All of them are dead now.  My father
and mother, bedded together
 
under their matching stones.
Their married friends, close by.
 
The crystal and good plates all washed
and put away in other homes,
 
no party food left over.  My job
was to whip the cream for dessert
 
and ride behind on their fishing weekends
like a seventh wheel,
 
along with our Airedale who wore
striped socks over his muddy paws
 
in the house. Spirits accelerated
toward cocktail hour in the red
 
ranch kitchen where they made
big to-do’s over their drinks—
 
then feigned concern they might
corrupt me. The men stirred
 
the air, clustered at the bar, moved
among the women conferring
 
over the bubbling stew.
My mother, flushed and pretty
 
as a cornucopia of summer fruit. 
That September before college
 
I joined the happy group
on a fly-fishing river in Montana
 
and slept on the cottage’s foldout couch.

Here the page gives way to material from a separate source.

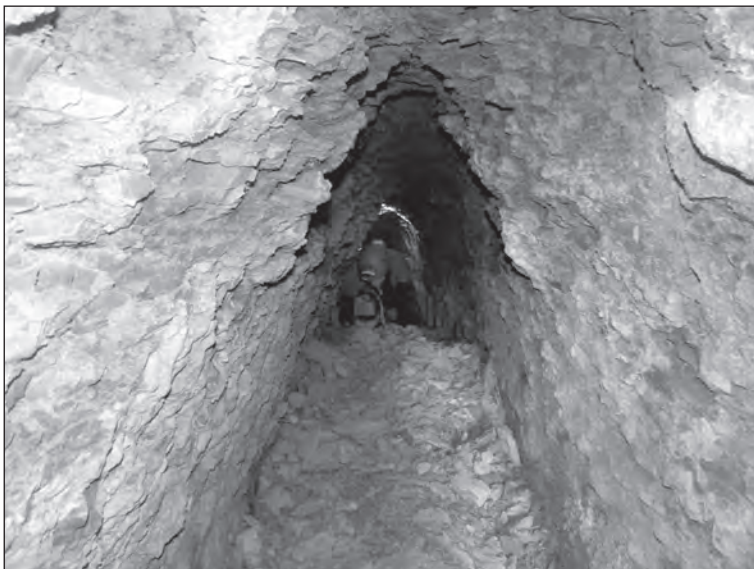
Galería inicial en material en descomposición

La entrada de la Mina de los Frailes es de pequeñas dimensiones y se abre a mitad de ladera en medio de un olivar. Tras la entrada nos encontramos en una pequeña sala de unos 2 metros por 2,5 aproximadamente, donde se abren dos galerías. Una, excavada sobre margas y en continuo estado de degradación,

Late one evening, lights doused,
 
I was alone with Mother and one
of the men, not quite uncle
 
not quite friend though I newly
recognized that he was handsome.
 
I’ve erased whatever he said
that convinced me he’d forgotten
 
I was there. But there I was, afraid
to breathe, confused to learn
 
how delicately balanced
these practitioners of marriage must be. 
 
Then they retired to their separate rooms,
though a presence hung in the air
 
like the perfume of a living thing.
 
 
 
Commencement
 
 
For the others were given an insurmountable lead.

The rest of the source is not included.